Data records:
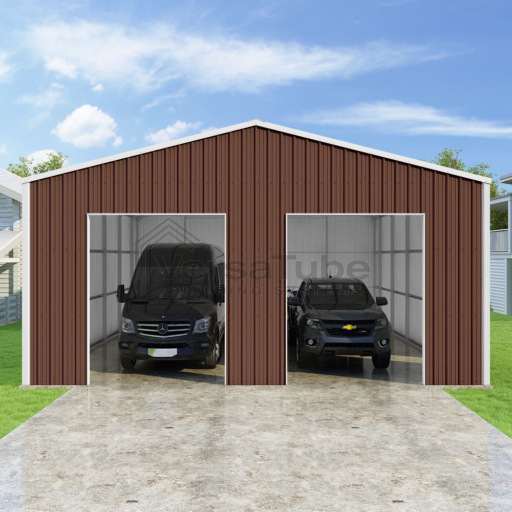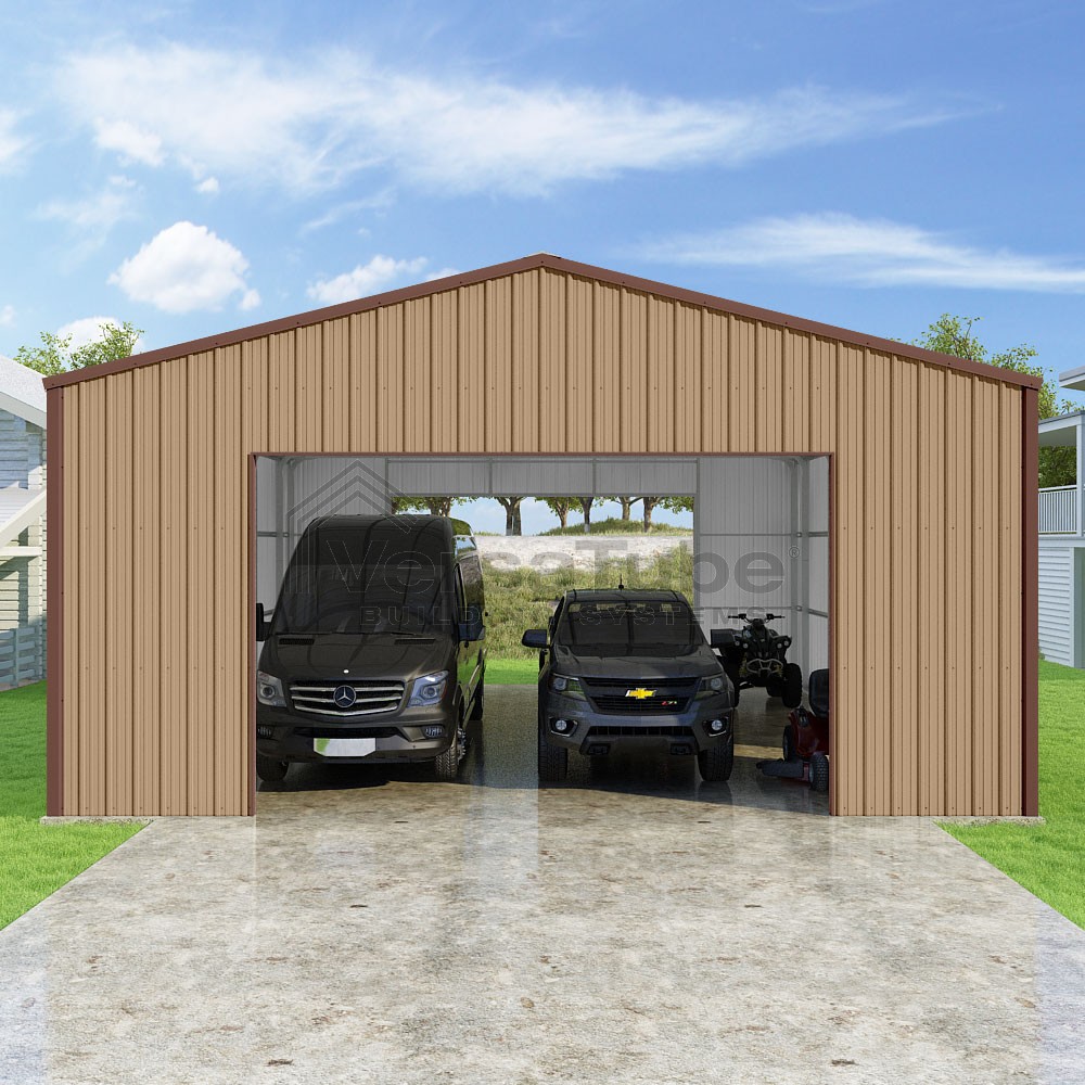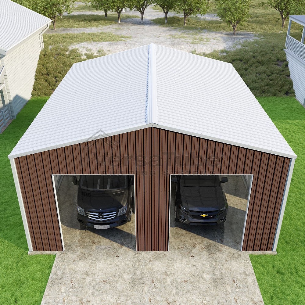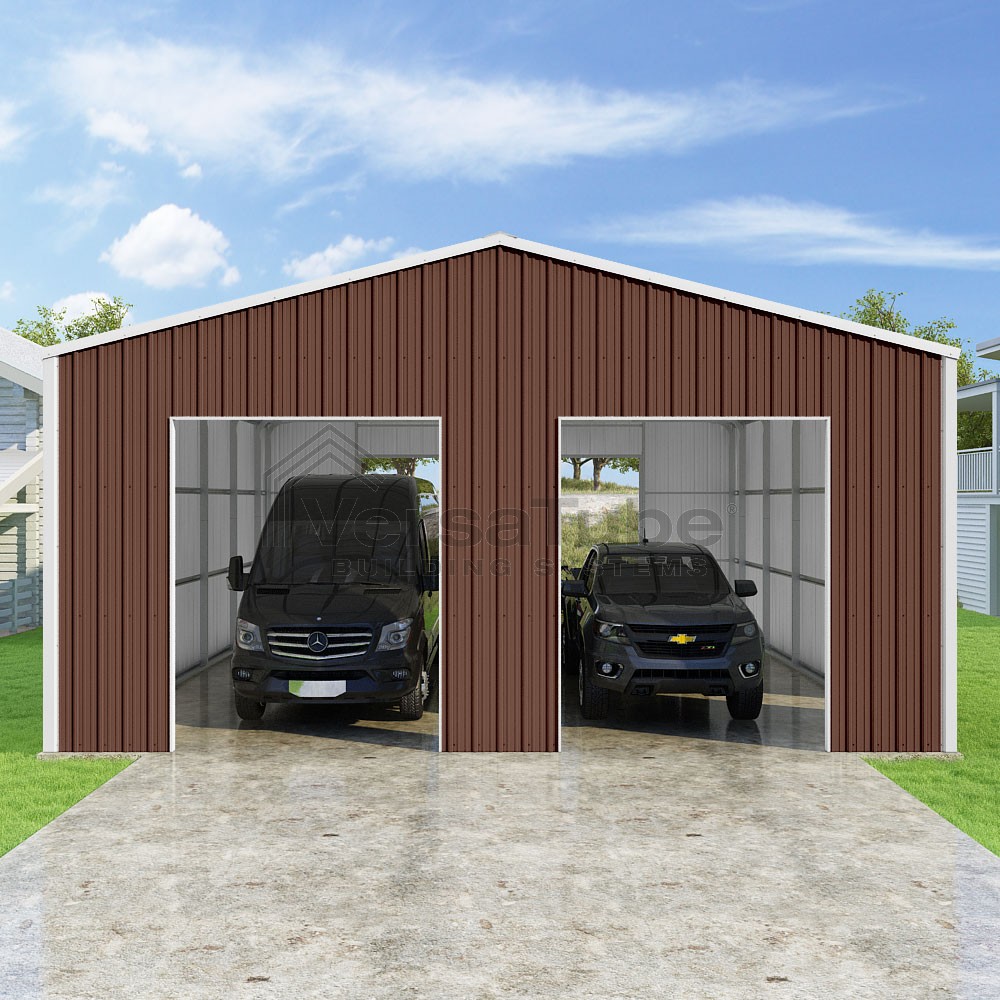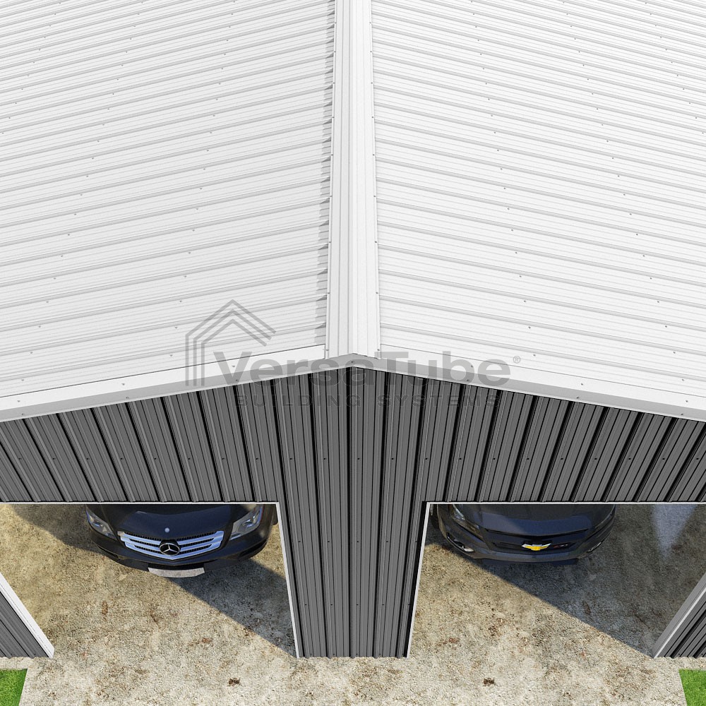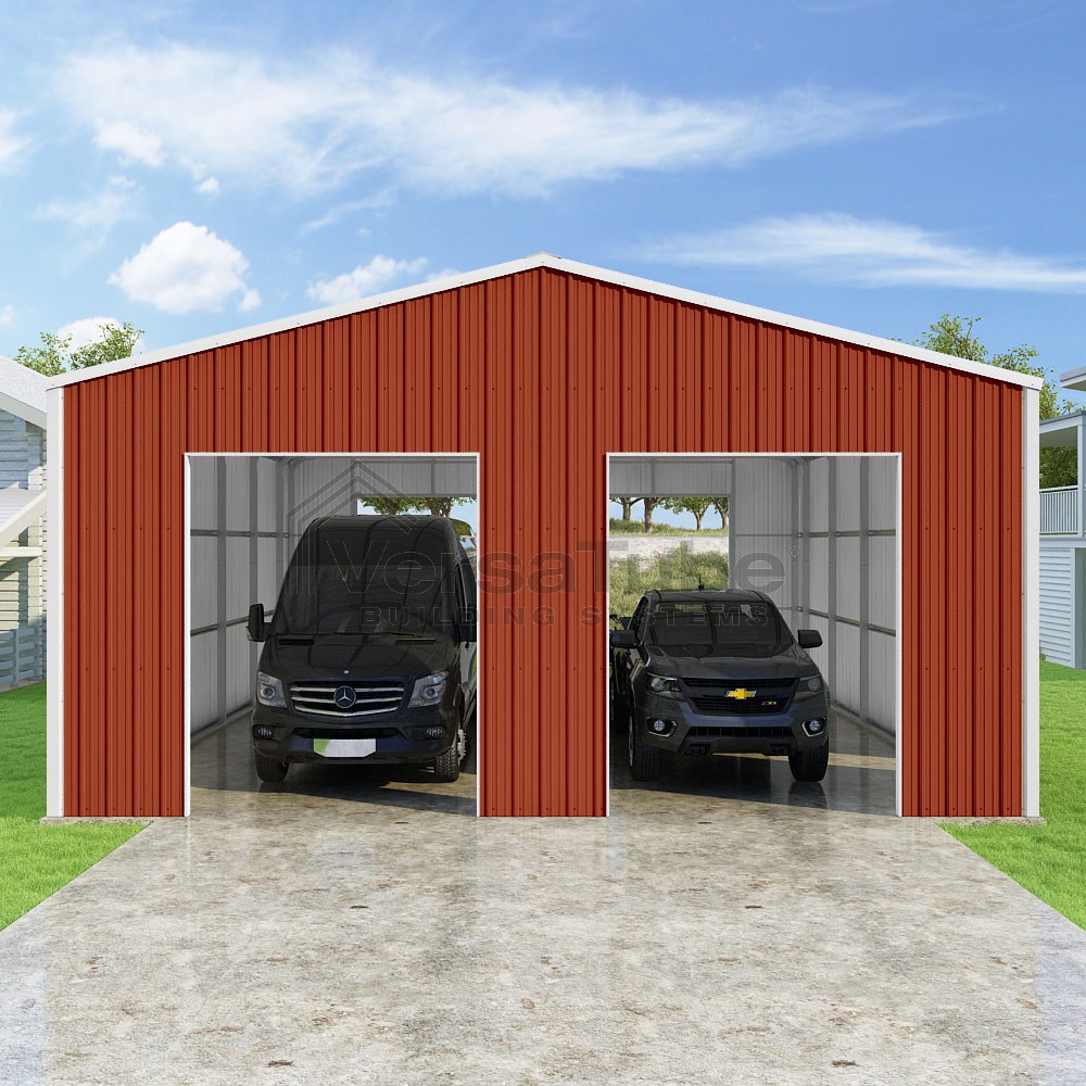 Summit Series DIY garage kit features vertical sheet metal roof and siding panels for a consistent look.
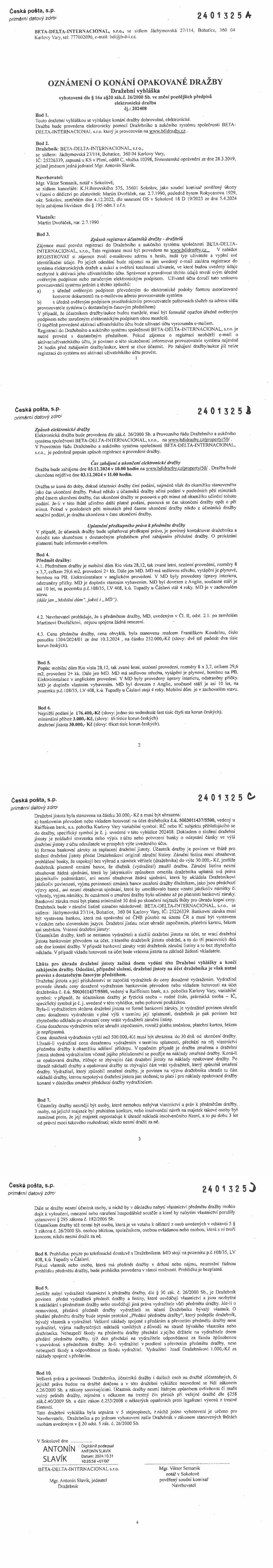 www.centralniadresa.cz – 15.12.2025 01:19 – announcement number 10968876OD01
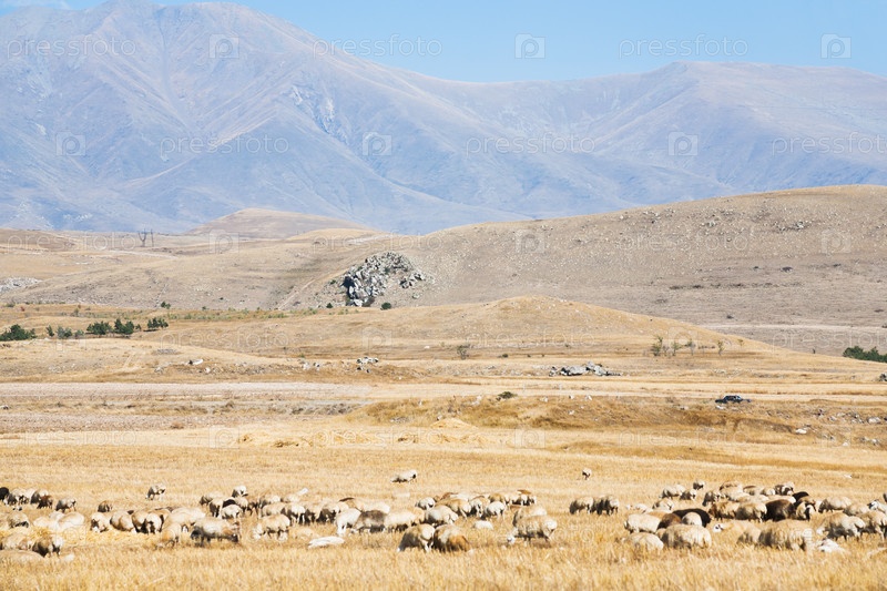 Горное плато со стадом овец
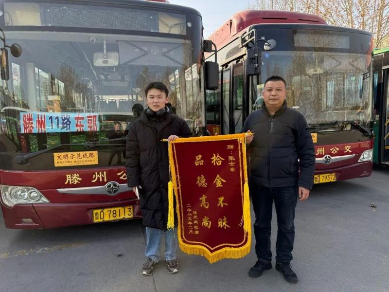 2月16日,市民徐女士將一面印有“拾金不昧 品德高尚”的錦旗,委托“跑腿”小哥專程送到交發(fā)集團公交一分公司工作人員手中,向11路駕駛員張士東師傅表示誠摯的感謝。
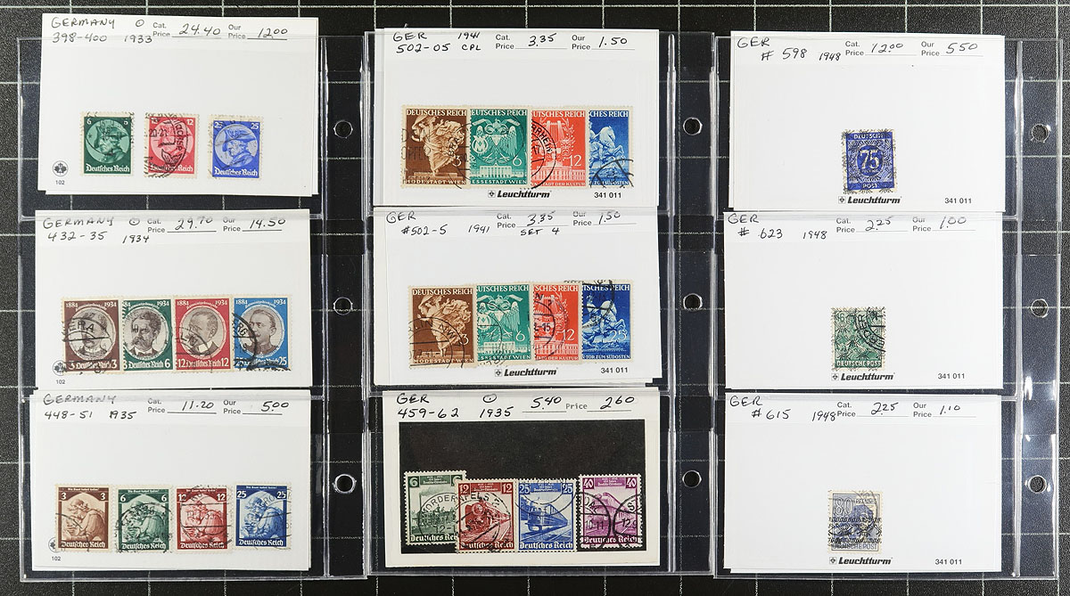 Dealer's stock in identified and valued "102" cards housed in three small 3-ring binders, consisting of Germany #4//2163 (129 stamps, Scott US$968.05), Berlin #9N2//9NB285 (501 stamps, Scott US$1333.75) and Austria #19//2040 plus "back of the book" (124 stamps, Scott US$394.05). A very useful "show-ready" selection of 1872 to 2006 issues with some duplication. The previous owner's retail prices are also indicated though the catalogue values are somewhat out of date. Owner's Scott US$2695.85 ($3639.40 CDN). Estimate =

■ PROBLEM STATEMENT
Only the lines from the one containing "Горное плато со стадом овец" through the last line of the entries should be transcribed, exactly and with no pictures.

■ COMPLETED EXERCISE
 Горное плато со стадом овец
 2月16日,市民徐女士將一面印有“拾金不昧 品德高尚”的錦旗,委托“跑腿”小哥專程送到交發(fā)集團公交一分公司工作人員手中,向11路駕駛員張士東師傅表示誠摯的感謝。
 Dealer's stock in identified and valued "102" cards housed in three small 3-ring binders, consisting of Germany #4//2163 (129 stamps, Scott US$968.05), Berlin #9N2//9NB285 (501 stamps, Scott US$1333.75) and Austria #19//2040 plus "back of the book" (124 stamps, Scott US$394.05). A very useful "show-ready" selection of 1872 to 2006 issues with some duplication. The previous owner's retail prices are also indicated though the catalogue values are somewhat out of date. Owner's Scott US$2695.85 ($3639.40 CDN). Estimate =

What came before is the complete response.